Generally speaking, if the sums that your employer is willing to pay to you under the settlement agreement are higher than the sums that you would receive under your minimum contractual and/or statutory entitlement and, further, represents a reasonable assessment of the likely value of your Employment Tribunal claim, then there may be merit in signing the agreement. However, what you must bear in mind is that it is not always straightforward to estimate the value of a potential Employment Tribunal claim, particularly if you have not yet left your employment. It can also be problematic to estimate the value of an Employment Tribunal claim in any event – compensation in Tribunal claims is mainly based upon your loss of earnings from the date that your employment terminated until a future date (normally the date on which you got another job which pays at least as much as your old job or until the date of the Employment Tribunal); it’s difficult to estimate when you might receive employment in the future and, further, it can also be difficult to predict what arguments your employer might use to reduce your compensation. Finally, the process of an Employment Tribunal claim is not always straightforward and this may mean that it could be difficult to estimate your legal costs for pursuing the claim.
However, although there are – as above – certain obstacles to valuing your settlement agreement, we will always try and provide you with the best possible advice and provide you with as much information as possible to allow you to make a reasoned decision about whether or not you wish to sign your settlement agreement.
What happens if you choose not to sign your settlement agreement
If you choose not to sign your settlement agreement then this means that you can still potentially pursue your employer in respect of legal rights that you believe your employer has infringed upon.

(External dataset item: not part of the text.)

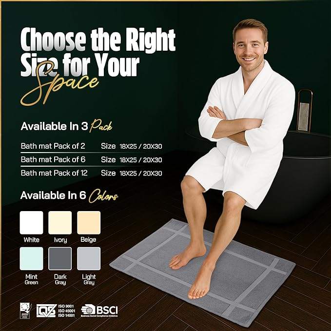 - ✅ 6-Pack Value Set – Large 20x30” Size Includes six generously sized 20x30 inch bathroom mats, ideal for home, guest, or spa use. A must-have for households needing absorbent and stylish cotton bath mats.

We will advise you on what potential consequences your rejection of the settlement agreement will have – including the potential termination of your contract of employment – and outline some practical next steps for you. However, you should be aware that if you do reject the settlement agreement then your employer will not make a contribution to your fees and you will be responsible for all of the legal fees that we have incurred in advising you.
If you wish to make an Employment Tribunal claim (instead of signing a settlement agreement), then you must first notify ACAS of the details of your claim and engage in “Pre-Claim Conciliation”. If your claim doesn’t settle in the conciliation period (a period of up to one month) then ACAS will issue a certificate which certifies that you have engaged in pre-claim conciliation; this allows you to then bring an Employment Tribunal claim, should you wish to do so. However, the new ACAS pre-claim conciliation service may make the limitation dates for your claim more difficult to calculate and you are advised to seek specialist legal advice on this.
Signing the settlement agreement: it’s your decision
Although our job is to provide you with legal advice on your settlement agreement, it’s not for us to tell you whether to sign your settlement agreement or not – you must make this decision. If you instruct us to advise you on the merits of your Employment Tribunal claims and whether the value of the settlement agreement represents a “good deal”, we aim to give you the best possible information to allow you to make an informed choice about your settlement agreement.